I've always hated that you had to press ENTER after an opening brace to get
it to do the right thing... Kawa did this better (may it rest in well
deserved peace)... the moment you typed the opening brace, it positioned it
properly according to your coding style. So if your style was "opening
braces on the next line", then you could just type this:
if (foo == bar){dosomething();}
And it would look like this:
if (foo == bar)
{
dosomething();
}
It was great... dynamic formatting/layout as you typed. I loved it. And I
miss it. The automatically adding the closing braces/parens is nice, imho,
but it's only the first half of the feature... a partial implementation. I
hope the next version of IDEA goes the rest of the way...

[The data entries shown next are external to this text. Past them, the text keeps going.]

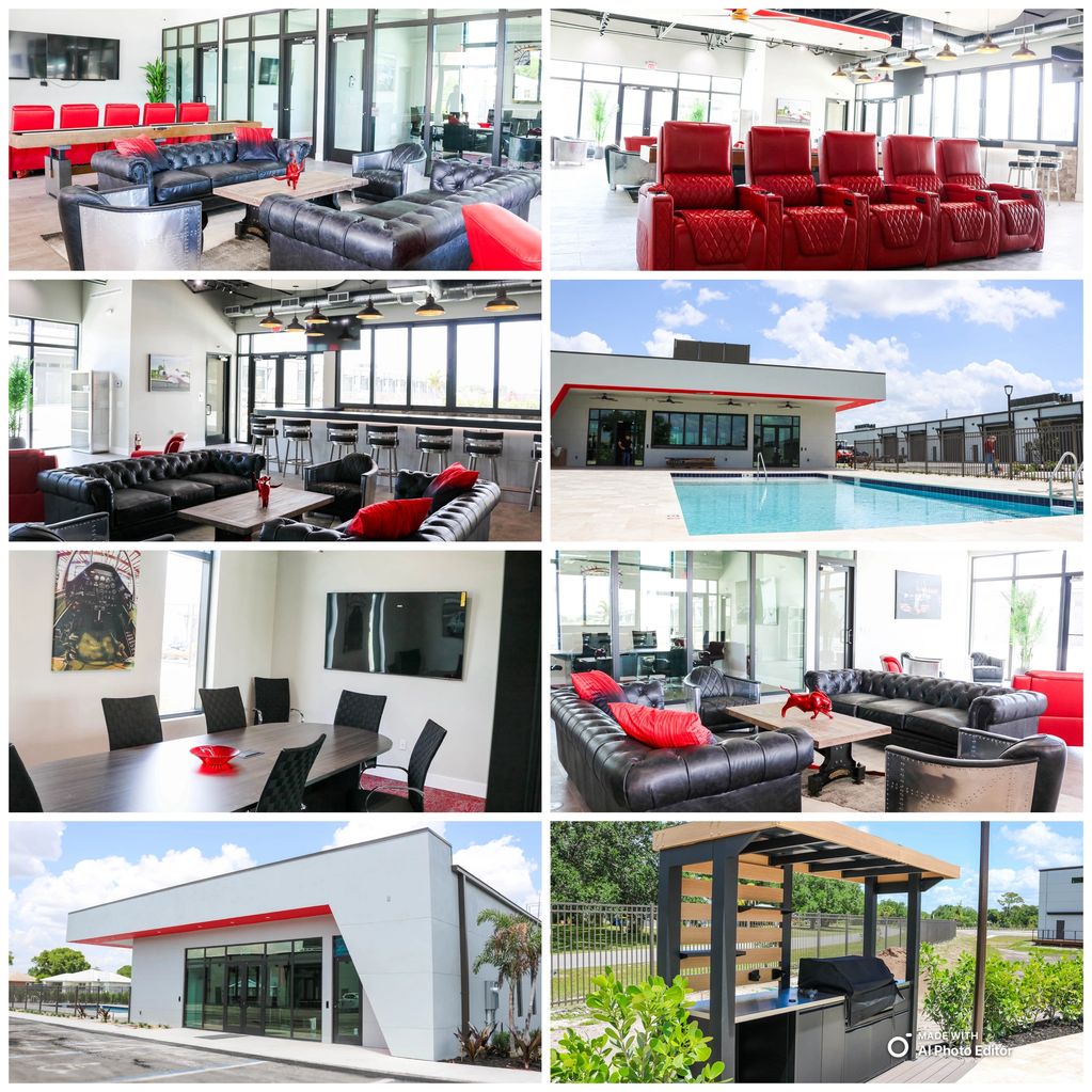 Rent this incredible Luxury Garage complete with full kitchen, one full bath with shower downstairs and one half bath upstairs. Sleeps 4 guests with beautiful living space. Magnificent clubhouse with swimming pool. Bring your exotic car or RV to spend time enjoying life.
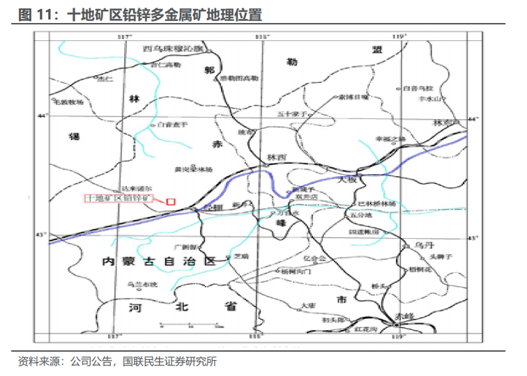 金都矿业最早成立于2006 年 9 月,2015 年8月获得采矿证,2016 年通过集团和光大矿业一同注入上市公司,公司持股100%。金都现拥有两处采矿权(十地银铅锌矿和白音查干矿区铅锌银矿)和一处探矿权(十地地区铅锌多金属矿)。 十地地区银铅锌矿为金都在产的银铅锌矿山。矿山位于内蒙古自治区克什克腾旗经棚镇北西 11km 处,行政区划隶属克什克腾旗经棚镇管辖。南距集安~锡林浩特公路约 6km,矿区内有乡村土路与公路相连。由经棚沿省级大通道、赤大高速至赤峰市 250km,交通较为方便。组分方面,矿床矿石矿物组成比较简单,金属矿物主要以方铅矿、闪锌矿为主,次为黄铁矿,偶见黄铜矿、辉银矿及自然银,金 属矿物约占 6~24%。
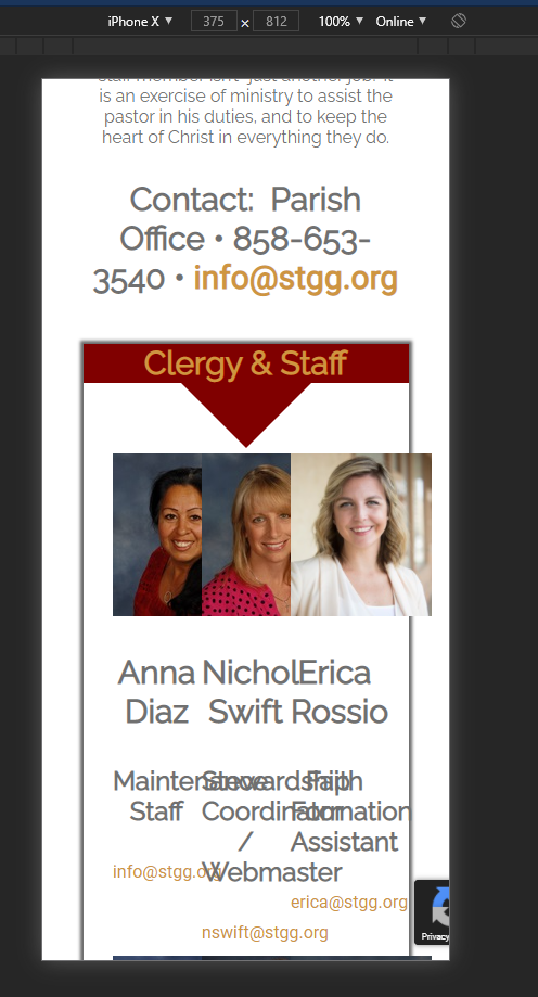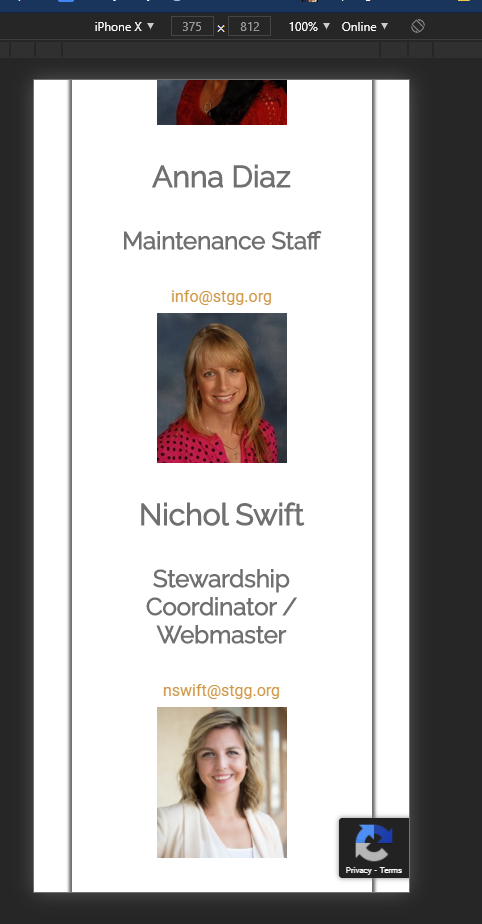 ✔ Staff Page - Staff should stack & Reduce the spacing between the picture, Name, Position and email

"Sam Wilson" <[EMAIL PROTECTED]> wrote in message
news:[EMAIL PROTECTED]...
> I've been working with 644 for a bit now, and one of the things I really
> like is that when IntelliJ completes code for me it allows me to type over
> the code completed. For instance, in the case of an if statement, if I
type:
>
> if(
>
> then IntelliJ prints this out:
>
> if(<caret>)
>
> And then I fill in the test expression:
>
> if(x==y<caret>)
>
> And if the next key I hit is ")" out of habit, IntelliJ is IntelliJent
> enough to "type over" the ).
>
> What would be really cool is if IntelliJ went one step further and
actually
> put the braces in according to my coding style and place the caret inside
> the braces as in:
>
> if(x==y) {
> <caret>
> }
>
> Does this makes sense? Would anyone else find this useful?